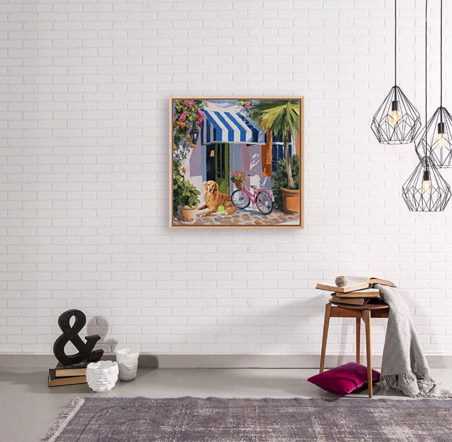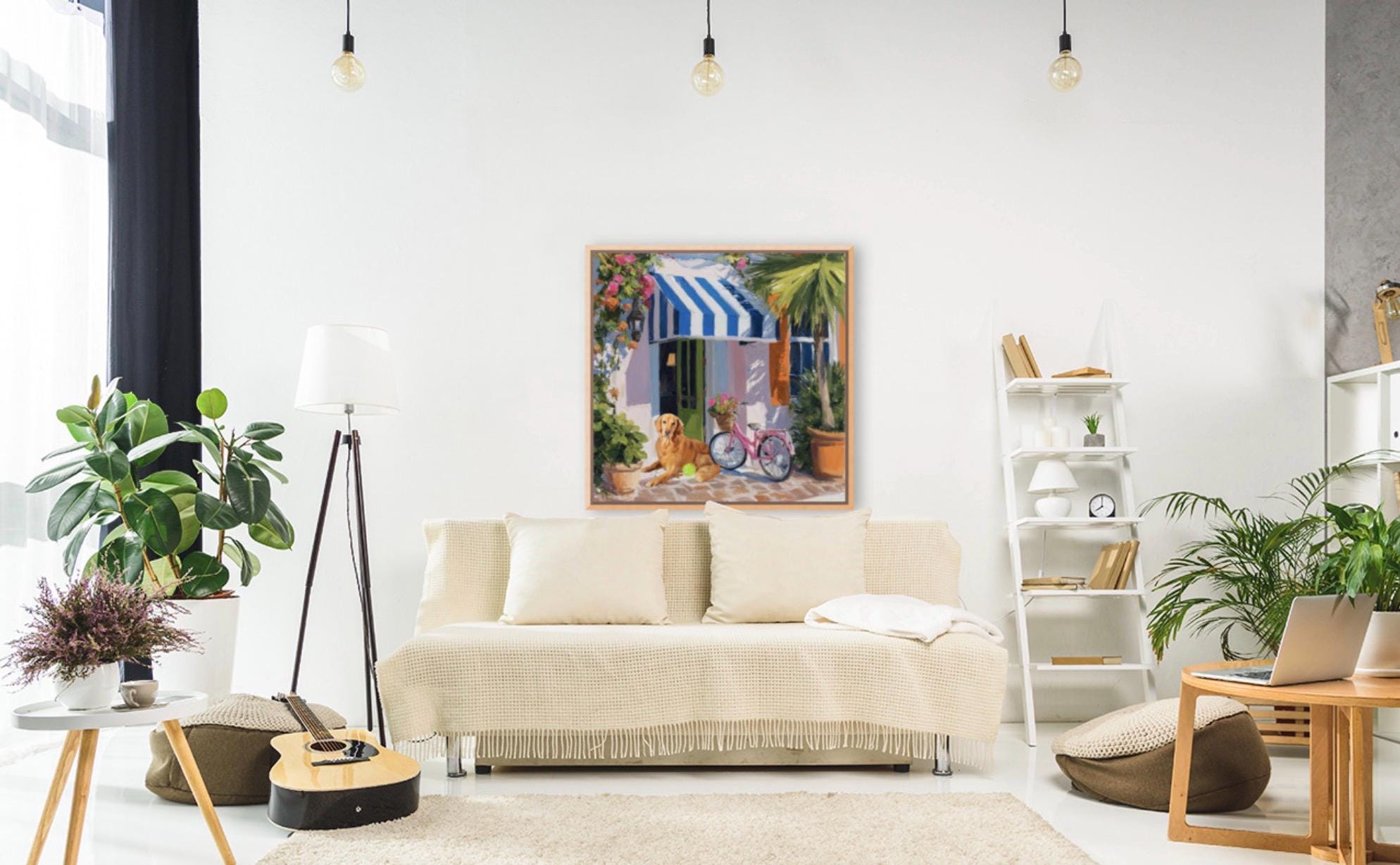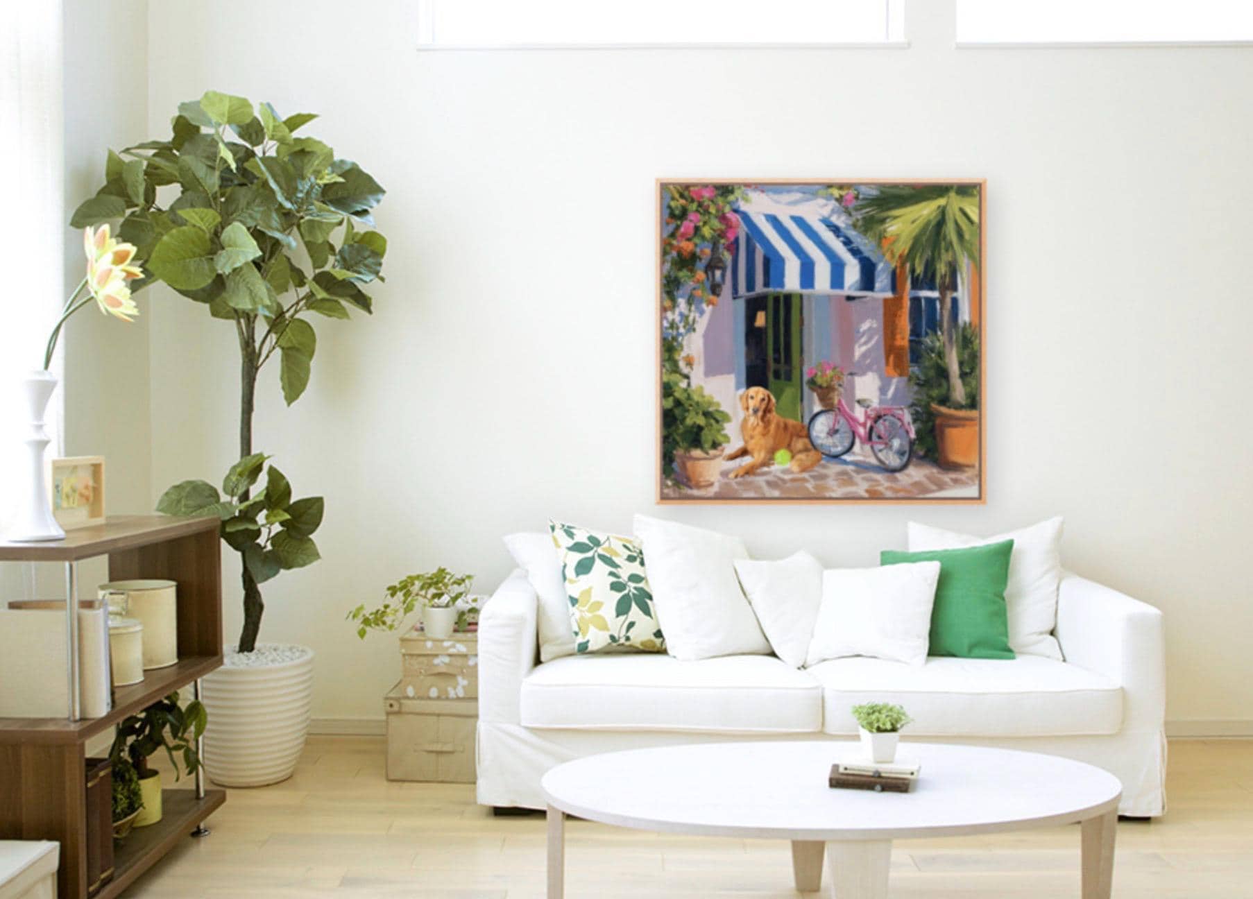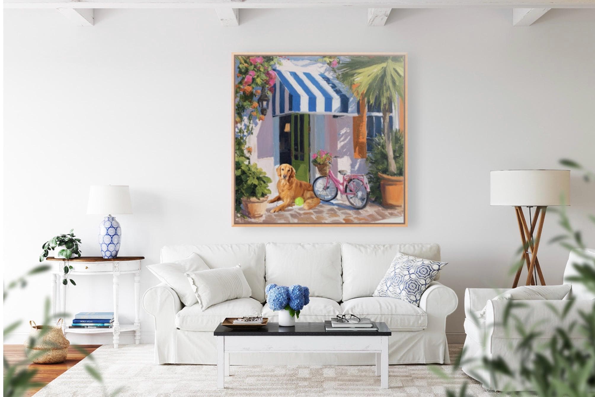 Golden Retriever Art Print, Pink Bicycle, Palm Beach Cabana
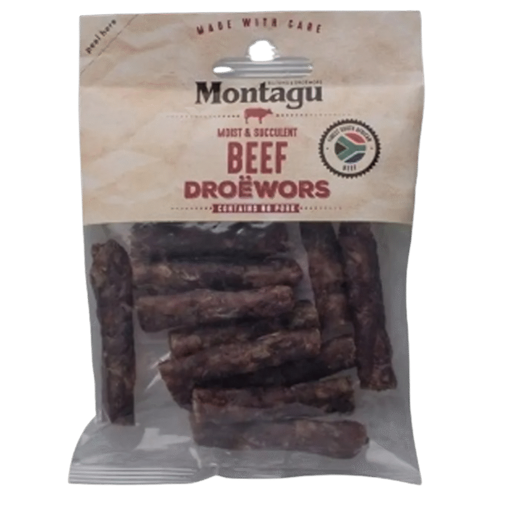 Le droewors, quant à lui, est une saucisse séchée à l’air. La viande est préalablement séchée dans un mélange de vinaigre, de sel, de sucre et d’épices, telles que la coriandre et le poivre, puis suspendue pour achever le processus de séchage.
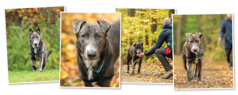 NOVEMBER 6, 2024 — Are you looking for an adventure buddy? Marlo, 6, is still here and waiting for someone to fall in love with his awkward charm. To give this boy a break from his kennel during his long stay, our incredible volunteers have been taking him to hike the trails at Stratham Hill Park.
====
● **What you have to do**: The material must be returned exactly, with its pictures omitted.

● **Solution to the exercise**:
 Golden Retriever Art Print, Pink Bicycle, Palm Beach Cabana
 Le droewors, quant à lui, est une saucisse séchée à l’air. La viande est préalablement séchée dans un mélange de vinaigre, de sel, de sucre et d’épices, telles que la coriandre et le poivre, puis suspendue pour achever le processus de séchage.
 NOVEMBER 6, 2024 — Are you looking for an adventure buddy? Marlo, 6, is still here and waiting for someone to fall in love with his awkward charm. To give this boy a break from his kennel during his long stay, our incredible volunteers have been taking him to hike the trails at Stratham Hill Park.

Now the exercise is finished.